● Data:
· · · · · · ·

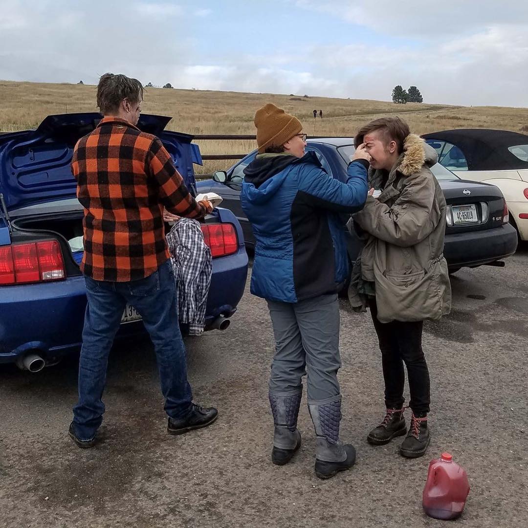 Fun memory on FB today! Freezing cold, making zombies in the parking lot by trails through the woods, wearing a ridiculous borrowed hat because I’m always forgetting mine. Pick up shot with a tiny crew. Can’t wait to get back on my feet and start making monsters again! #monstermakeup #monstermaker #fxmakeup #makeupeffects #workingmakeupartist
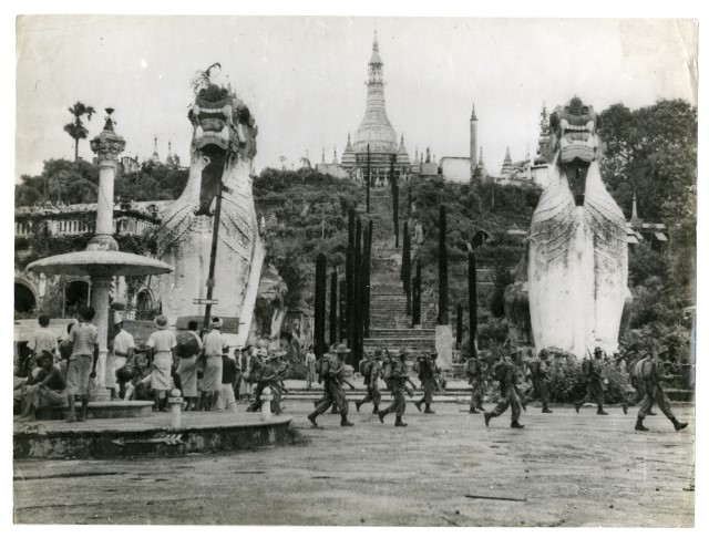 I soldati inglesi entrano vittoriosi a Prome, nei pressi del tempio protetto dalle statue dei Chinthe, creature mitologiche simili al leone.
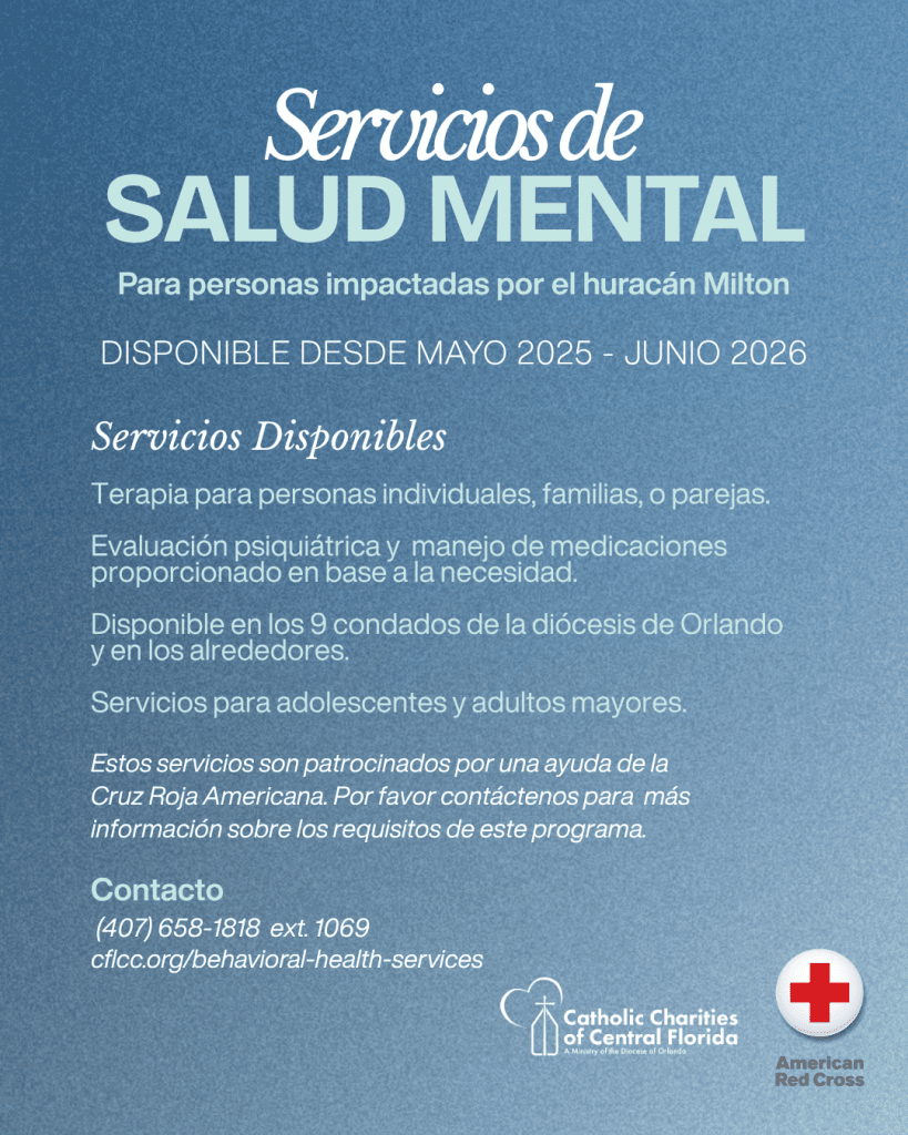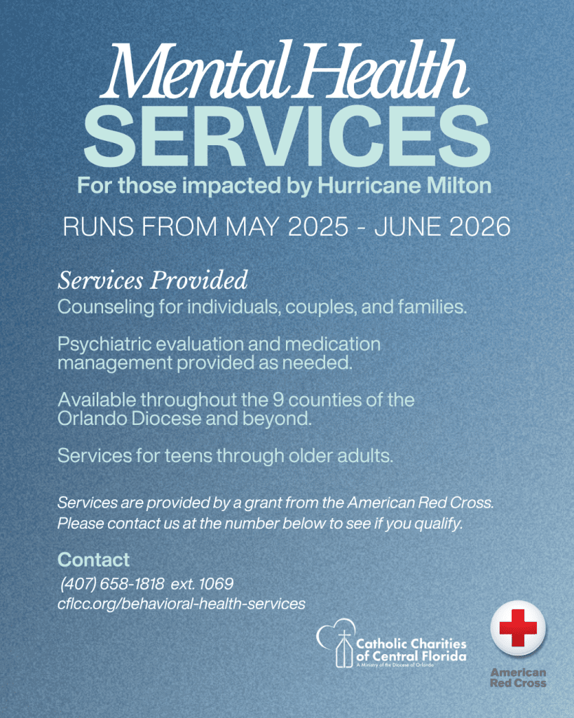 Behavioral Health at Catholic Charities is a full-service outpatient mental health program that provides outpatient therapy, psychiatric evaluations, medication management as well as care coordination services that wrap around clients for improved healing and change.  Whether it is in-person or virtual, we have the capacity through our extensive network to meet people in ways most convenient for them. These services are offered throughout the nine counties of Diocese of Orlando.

· · · · · · ·

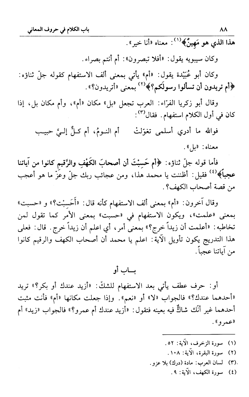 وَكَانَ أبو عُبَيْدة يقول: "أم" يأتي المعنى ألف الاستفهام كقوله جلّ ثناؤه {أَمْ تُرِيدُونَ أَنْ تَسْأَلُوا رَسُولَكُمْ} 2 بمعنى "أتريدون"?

· · · · · · ·

● Your objective:
Only the lines of the listing above from the one with "Fun memory on" through the one with "Behavioral Health at" should be output, exactly, with both ends kept and pictures left out.

● Completed exercise:
 Fun memory on FB today! Freezing cold, making zombies in the parking lot by trails through the woods, wearing a ridiculous borrowed hat because I’m always forgetting mine. Pick up shot with a tiny crew. Can’t wait to get back on my feet and start making monsters again! #monstermakeup #monstermaker #fxmakeup #makeupeffects #workingmakeupartist
 I soldati inglesi entrano vittoriosi a Prome, nei pressi del tempio protetto dalle statue dei Chinthe, creature mitologiche simili al leone.
 Behavioral Health at Catholic Charities is a full-service outpatient mental health program that provides outpatient therapy, psychiatric evaluations, medication management as well as care coordination services that wrap around clients for improved healing and change.  Whether it is in-person or virtual, we have the capacity through our extensive network to meet people in ways most convenient for them. These services are offered throughout the nine counties of Diocese of Orlando.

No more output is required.